#### [PROBLEM DESCRIPTION]
Would you write out the full listing exactly, without any pictures?

#### [EXCERPTED RECORDS]
###

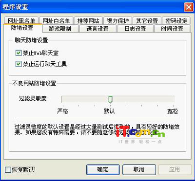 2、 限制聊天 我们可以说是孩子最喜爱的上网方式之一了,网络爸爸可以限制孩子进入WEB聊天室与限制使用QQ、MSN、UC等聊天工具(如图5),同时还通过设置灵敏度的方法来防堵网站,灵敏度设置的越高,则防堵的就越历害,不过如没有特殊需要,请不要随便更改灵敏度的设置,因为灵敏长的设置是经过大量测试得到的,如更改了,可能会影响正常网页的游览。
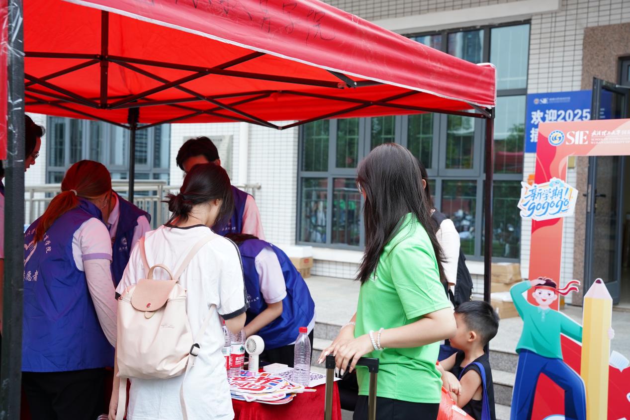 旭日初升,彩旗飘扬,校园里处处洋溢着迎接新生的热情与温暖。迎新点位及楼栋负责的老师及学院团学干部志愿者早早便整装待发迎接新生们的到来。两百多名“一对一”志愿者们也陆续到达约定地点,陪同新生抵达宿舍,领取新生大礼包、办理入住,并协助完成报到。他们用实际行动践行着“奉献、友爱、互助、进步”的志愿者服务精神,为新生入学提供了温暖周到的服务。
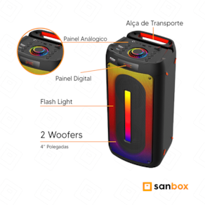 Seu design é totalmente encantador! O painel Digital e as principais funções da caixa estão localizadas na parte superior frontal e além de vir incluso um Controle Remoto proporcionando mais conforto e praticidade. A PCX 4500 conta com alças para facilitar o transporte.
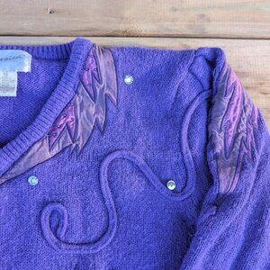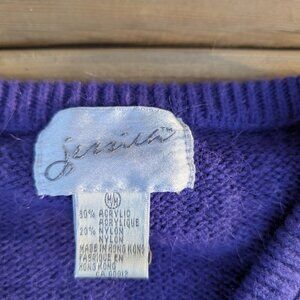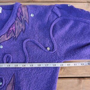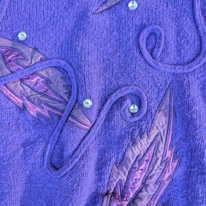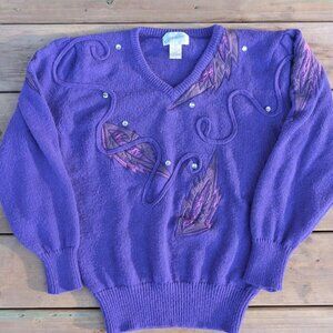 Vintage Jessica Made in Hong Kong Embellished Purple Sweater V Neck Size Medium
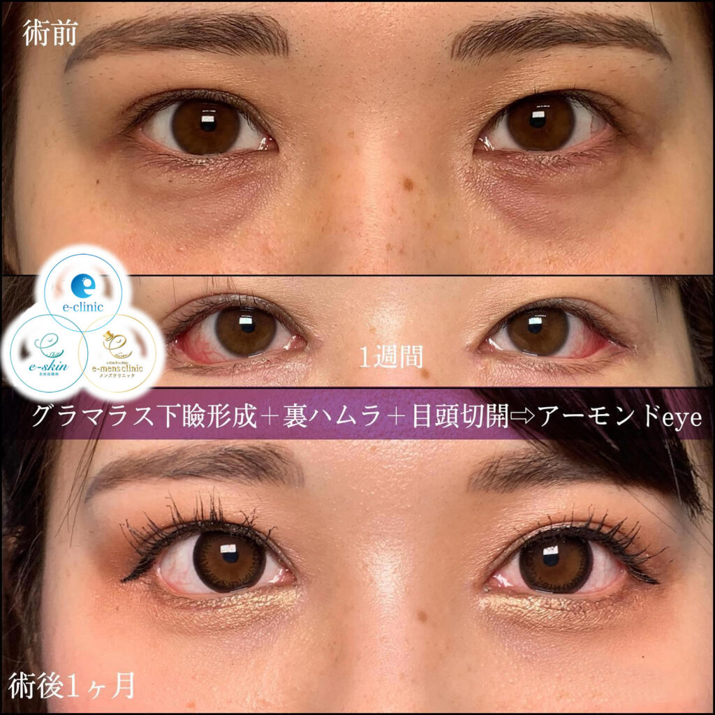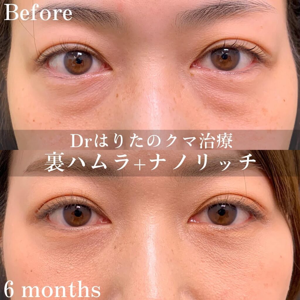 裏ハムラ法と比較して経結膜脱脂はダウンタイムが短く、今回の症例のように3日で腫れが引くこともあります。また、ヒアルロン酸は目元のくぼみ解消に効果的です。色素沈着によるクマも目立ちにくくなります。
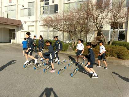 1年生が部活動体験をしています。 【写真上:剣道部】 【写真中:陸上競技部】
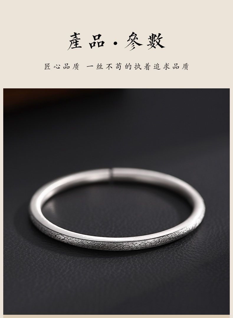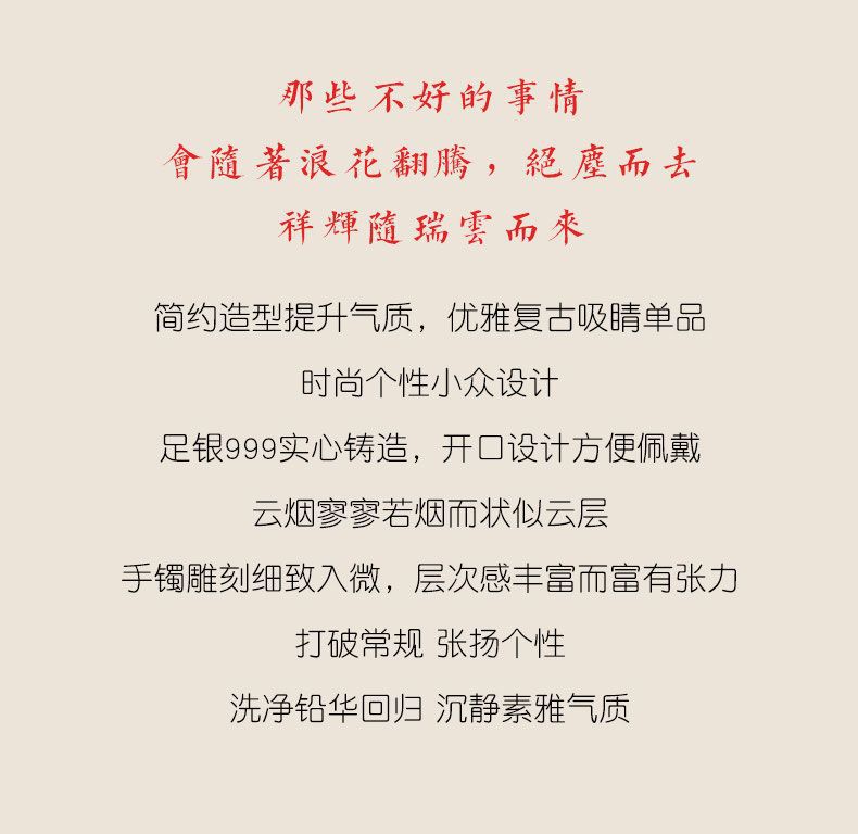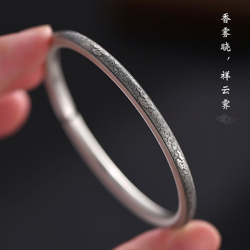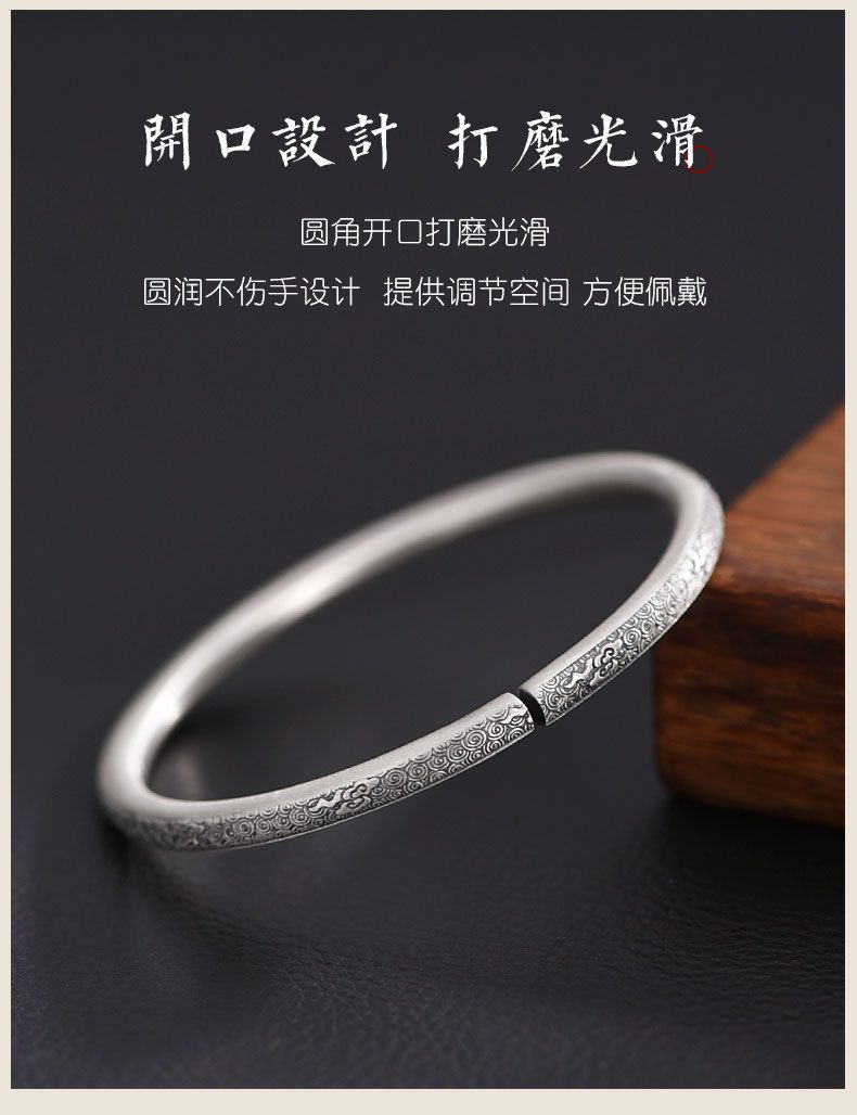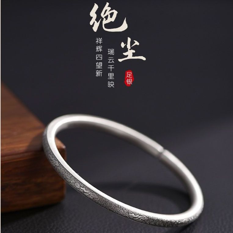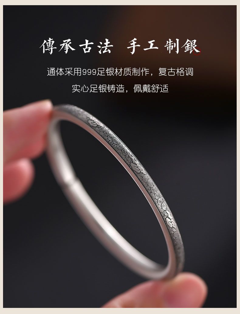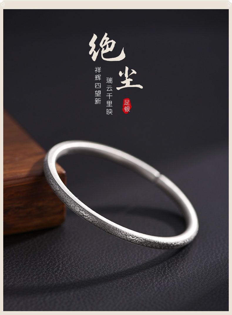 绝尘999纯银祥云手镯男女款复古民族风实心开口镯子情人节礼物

###

#### [RESPONSE TO THE EXERCISE]
 2、 限制聊天 我们可以说是孩子最喜爱的上网方式之一了,网络爸爸可以限制孩子进入WEB聊天室与限制使用QQ、MSN、UC等聊天工具(如图5),同时还通过设置灵敏度的方法来防堵网站,灵敏度设置的越高,则防堵的就越历害,不过如没有特殊需要,请不要随便更改灵敏度的设置,因为灵敏长的设置是经过大量测试得到的,如更改了,可能会影响正常网页的游览。
 旭日初升,彩旗飘扬,校园里处处洋溢着迎接新生的热情与温暖。迎新点位及楼栋负责的老师及学院团学干部志愿者早早便整装待发迎接新生们的到来。两百多名“一对一”志愿者们也陆续到达约定地点,陪同新生抵达宿舍,领取新生大礼包、办理入住,并协助完成报到。他们用实际行动践行着“奉献、友爱、互助、进步”的志愿者服务精神,为新生入学提供了温暖周到的服务。
 Seu design é totalmente encantador! O painel Digital e as principais funções da caixa estão localizadas na parte superior frontal e além de vir incluso um Controle Remoto proporcionando mais conforto e praticidade. A PCX 4500 conta com alças para facilitar o transporte.
 Vintage Jessica Made in Hong Kong Embellished Purple Sweater V Neck Size Medium
 裏ハムラ法と比較して経結膜脱脂はダウンタイムが短く、今回の症例のように3日で腫れが引くこともあります。また、ヒアルロン酸は目元のくぼみ解消に効果的です。色素沈着によるクマも目立ちにくくなります。
 1年生が部活動体験をしています。 【写真上:剣道部】 【写真中:陸上競技部】
 绝尘999纯银祥云手镯男女款复古民族风实心开口镯子情人节礼物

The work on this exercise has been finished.